Another option is Hsu Research. Here is a link for some of their Speakers:http://www.hsuresearch.com/products/hb-1.html
Being Horn Loaded they might be perfect for you in that you have a tight budget and Horn's play loud with little power.
Cheers,
JJ


----------



## airy52 (Oct 26, 2009)

I ordered the "New! SBS-01 (pair)" for 149.99 and they'll be coming february. Hopefully they will be as loud as the horn speakers you recommended because they need to keep up with my 18" maelstrom sub, and are being used at my fraternity when we have parties, in my room. Thanks for the help!

Erik

Edit: I live in west-lafayette, tippecanoe county, in indiana, if you wanted to check craigslist and tell me if theres anything good?


----------



## tonyvdb (Sep 5, 2007)

Your going to need a good receiver if you want to get "loud" with good quality. Your budget is not high enough to afford anything in that range. If you turn up a cheap receiver running those speakers (good choice buy the way) your get allot of distortion and that will damage the speakers and the receiver. I highly recommend going with nothing less than the Onkyo 876 it has a very large power supply and amplification section along with high end DACs and video processing.


----------



## airy52 (Oct 26, 2009)

I have already bought the txsr605 onkyo. It is the only thing that my budget can afford . What precatuions or warnings can you give me so that I don't damage anything?


----------



## Jungle Jack (Jul 28, 2009)

Hello,
As you are getting to know your system's capability, I would spend time at lower than reference volume getting to know how it sounds. Once you have established how it sounds, gradually raise your volume on Movies paying attention to any compression or strain in the Speakers.

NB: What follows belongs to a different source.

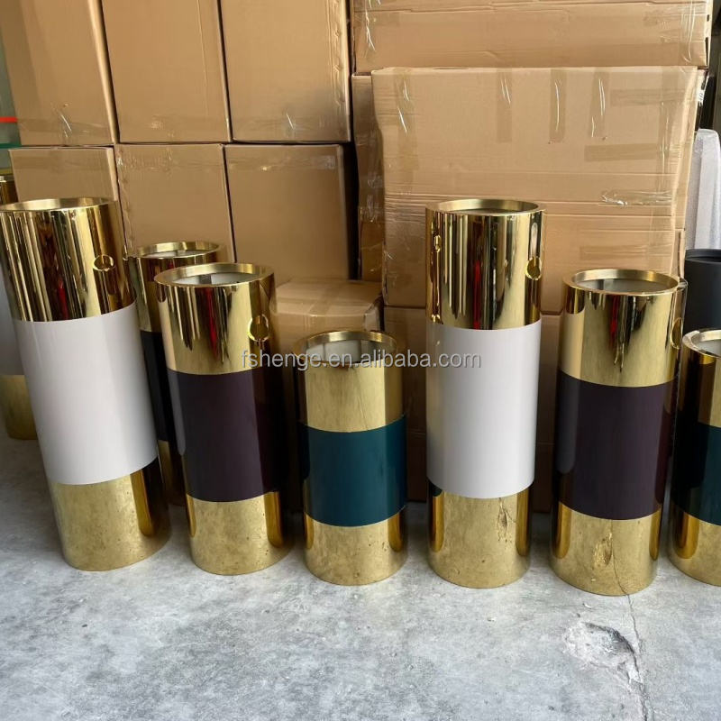 แจกันตั้งพื้นสีทองขนาดใหญ่หรูหราทันสมัยสำหรับตกแต่งบ้านกระถางต้นไม้โลหะตกแต่งทรงสูงกระถางต้นไม้โลหะสำหรับใช้ในร่ม

While a debated subject, I do think allowing a certain amount of break in with Speakers should be allocated before going for super high volumes. 

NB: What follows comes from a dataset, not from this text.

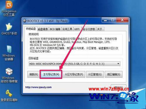 4、选择好硬盘后,在下面,点击“主引导记录”这个按钮;

Using a Subwoofer and crossing over at 80 Hz on all channels will definitely take stress off of the amplifier in your Onkyo. This will allow for higher SPL's than otherwise possible.
Cheers,
JJ


----------



## tonyvdb (Sep 5, 2007)

Jack is correct, test your speakers with the receiver and make sure that you dont run the SBS-01s in full range of what is known as "double bass" setting on the Onkyo as it will not be able to drive them to hard (let the sub do the job of the lows). The SBS-01s are very easy speakers to drive so you should be ok with decent levels but the receiver does not have the large amplification section to run them hard. It really depends on the size of the room and how many people you plan to have in that room during your parties as the bodies will reduce how much volume (db's) you will get.


----------



## Jon Liu (May 21, 2007)

On top of that, simply just listen for distortion. If you turn your system up and it starts to hint at not "sounding right" then I would back the volume down just a notch. Jack's suggestion on a higher crossover will take the load of the speakers themselves for sure, as well, but as a result your sub will have to work harder to make up for it, just remember that.


----------